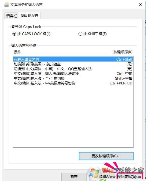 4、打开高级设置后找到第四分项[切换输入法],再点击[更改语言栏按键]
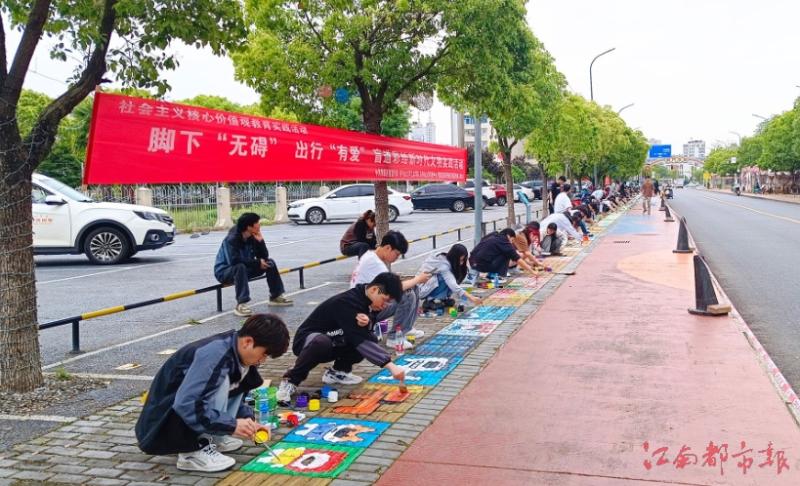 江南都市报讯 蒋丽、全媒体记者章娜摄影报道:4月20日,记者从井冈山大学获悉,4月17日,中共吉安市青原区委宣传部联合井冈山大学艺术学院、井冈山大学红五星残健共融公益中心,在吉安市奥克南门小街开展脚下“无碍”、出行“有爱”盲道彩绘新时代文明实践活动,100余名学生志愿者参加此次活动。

________________________________________

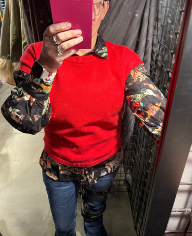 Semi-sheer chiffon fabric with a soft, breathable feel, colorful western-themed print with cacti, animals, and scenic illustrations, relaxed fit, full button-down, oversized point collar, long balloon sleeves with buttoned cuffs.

________________________________________

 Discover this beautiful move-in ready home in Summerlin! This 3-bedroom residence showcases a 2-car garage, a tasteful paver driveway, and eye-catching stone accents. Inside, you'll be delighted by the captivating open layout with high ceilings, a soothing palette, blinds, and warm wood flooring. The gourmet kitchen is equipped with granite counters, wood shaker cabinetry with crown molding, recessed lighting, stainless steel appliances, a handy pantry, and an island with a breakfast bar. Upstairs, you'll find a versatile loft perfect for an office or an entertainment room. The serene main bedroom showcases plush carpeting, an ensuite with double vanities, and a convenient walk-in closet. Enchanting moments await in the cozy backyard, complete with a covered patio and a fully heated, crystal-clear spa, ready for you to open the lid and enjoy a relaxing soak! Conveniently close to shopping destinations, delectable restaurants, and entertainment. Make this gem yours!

________________________________________

= What you need to do =
Given the records above, return the lines starting at the one that holds "4、打开高级设置后找到第四分项[切换输入法],再点击[更改语言栏按键]" and ending at the one that holds "江南都市报讯 蒋丽、全媒体记", exactly, and nothing besides; leave every picture out.

= Reply to the task =
 4、打开高级设置后找到第四分项[切换输入法],再点击[更改语言栏按键]
 江南都市报讯 蒋丽、全媒体记者章娜摄影报道:4月20日,记者从井冈山大学获悉,4月17日,中共吉安市青原区委宣传部联合井冈山大学艺术学院、井冈山大学红五星残健共融公益中心,在吉安市奥克南门小街开展脚下“无碍”、出行“有爱”盲道彩绘新时代文明实践活动,100余名学生志愿者参加此次活动。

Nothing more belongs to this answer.